CHASKA, Minn. — Nelly Korda wasted no time picking up her tee. Usually, that means two things: it’s really good, or it’s really bad.
This was the latter.
“I just overturned it,” Korda said of her tee shot on the par-4 16th hole at Hazeltine National, which hooked into the creek that runs up the left side of the course’s signature hole. “By now you just feel it when it’s bad. So the wind was off the right and I actually think I just made too fast of a swing and I was kind of in between clubs.
“It’s a pretty intimidating tee shot and I just didn’t really like the way I hit it off the start.”
Korda took a drop, wedged on and then three-putted from 35 feet for a messy double bogey. It was her only double of the day and came after she birdied three in a five-hole span.
She still shot a two-under 70 in the first round of the KPMG Women’s PGA Championship, which was good enough to stay in the top 10 of Thursday’s morning wave, although she’s seven back of early leader Ina Yoon, who shot 63.

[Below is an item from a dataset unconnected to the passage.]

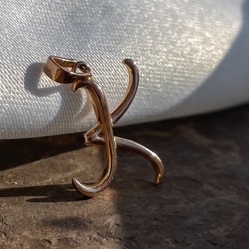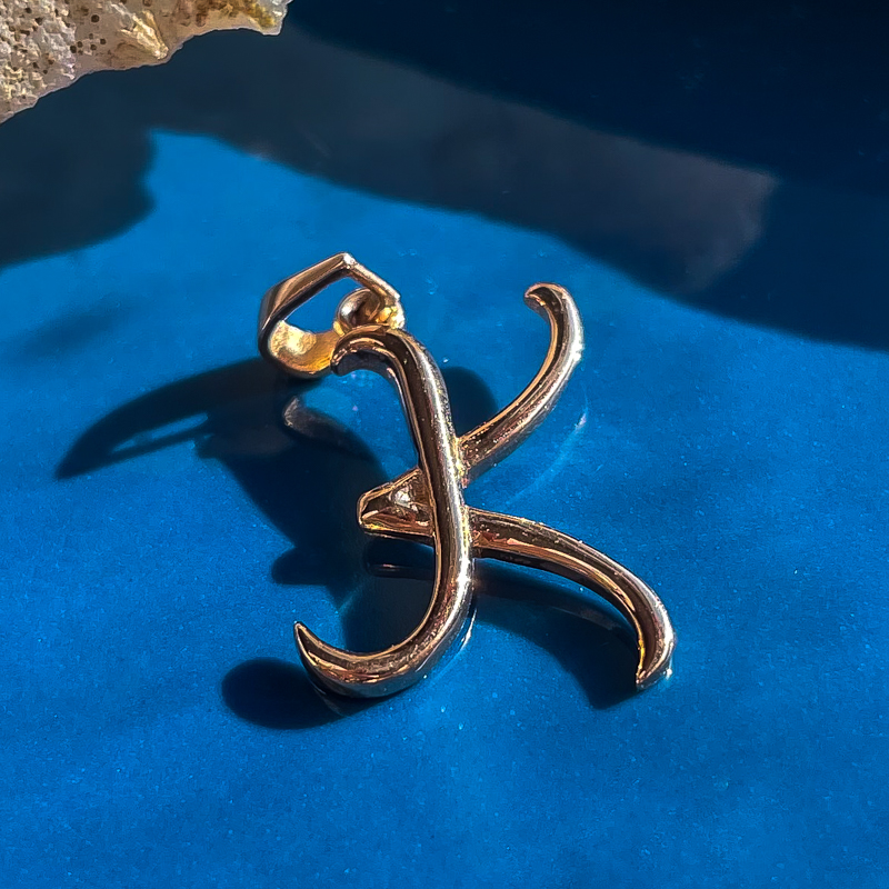 Kullast ripats K-tähega. Prooviga 585. Kaal 0,98g.

There’s no shortage of pressure on Korda this week, where she’s attempting to become just the third player in LPGA history to win the first three majors of the season. A win this week would also send Korda, still just 27 years old, into the LPGA Hall of Fame.
She started early Thursday morning — with a large contingent of fans following along — and turned in one under. She added birdies on 11, 13 and 15 before she reached the 378-yard par-4 16th hole, a short par-4 played along Hazeltine Lake that has a tight driving window — the lake right, creek left — and most of the green guarded by water. During the 2016 Ryder Cup, the 16th was changed to the 5th hole to guarantee it played a role in the matches. Korda hit driver on Thursday.
“It’s between a 3-wood and driver,” Korda said. “You can’t lay it too far back because then you’re blocked out by the trees and you have a long shot into a pretty difficult green that is pretty undulated, so you got to risk it.”
Korda begins her second round at 2:42 p.m. ET on Friday.
“Honestly just made one bad swing, which ended up in a double,” Korda said. “But overall, pretty happy with my day.”